PROVIDED INFORMATION Block Start

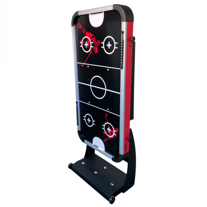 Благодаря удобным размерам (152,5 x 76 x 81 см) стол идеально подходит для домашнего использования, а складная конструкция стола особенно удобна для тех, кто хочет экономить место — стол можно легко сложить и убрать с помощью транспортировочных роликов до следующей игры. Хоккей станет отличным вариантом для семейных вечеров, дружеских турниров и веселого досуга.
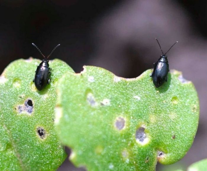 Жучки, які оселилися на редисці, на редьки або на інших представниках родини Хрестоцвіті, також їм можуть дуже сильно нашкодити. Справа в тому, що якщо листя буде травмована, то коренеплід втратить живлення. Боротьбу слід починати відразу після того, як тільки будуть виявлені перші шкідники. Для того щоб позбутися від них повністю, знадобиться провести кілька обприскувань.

PROVIDED INFORMATION Block End
PROVIDED INFORMATION Block Start

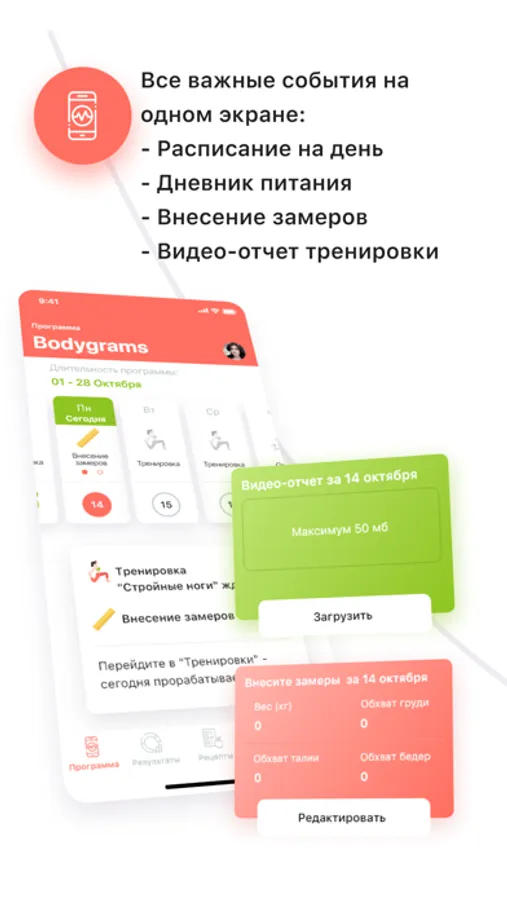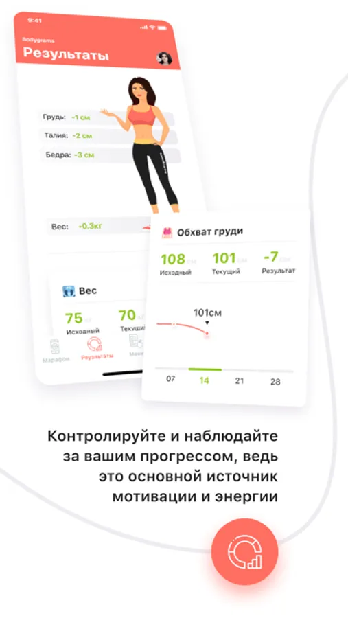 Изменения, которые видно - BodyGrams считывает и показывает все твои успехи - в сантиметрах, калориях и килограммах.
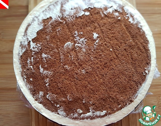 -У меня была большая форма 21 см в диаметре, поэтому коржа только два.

PROVIDED INFORMATION Block End
PROVIDED INFORMATION Block Start

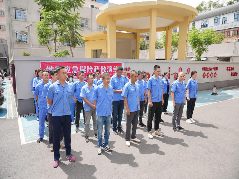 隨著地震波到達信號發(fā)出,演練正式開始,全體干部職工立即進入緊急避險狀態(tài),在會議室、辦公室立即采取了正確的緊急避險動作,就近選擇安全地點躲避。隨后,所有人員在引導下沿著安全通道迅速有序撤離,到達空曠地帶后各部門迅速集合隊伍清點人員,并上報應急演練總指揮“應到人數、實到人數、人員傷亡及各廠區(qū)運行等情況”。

PROVIDED INFORMATION Block End

• PROBLEM: Taking the entries above, extract every line from the one bearing "Изменения, которые видно" through the one bearing "-У меня была", exactly, with no pictures.

• ANSWER TO THE PROBLEM:
 Изменения, которые видно - BodyGrams считывает и показывает все твои успехи - в сантиметрах, калориях и килограммах.
 -У меня была большая форма 21 см в диаметре, поэтому коржа только два.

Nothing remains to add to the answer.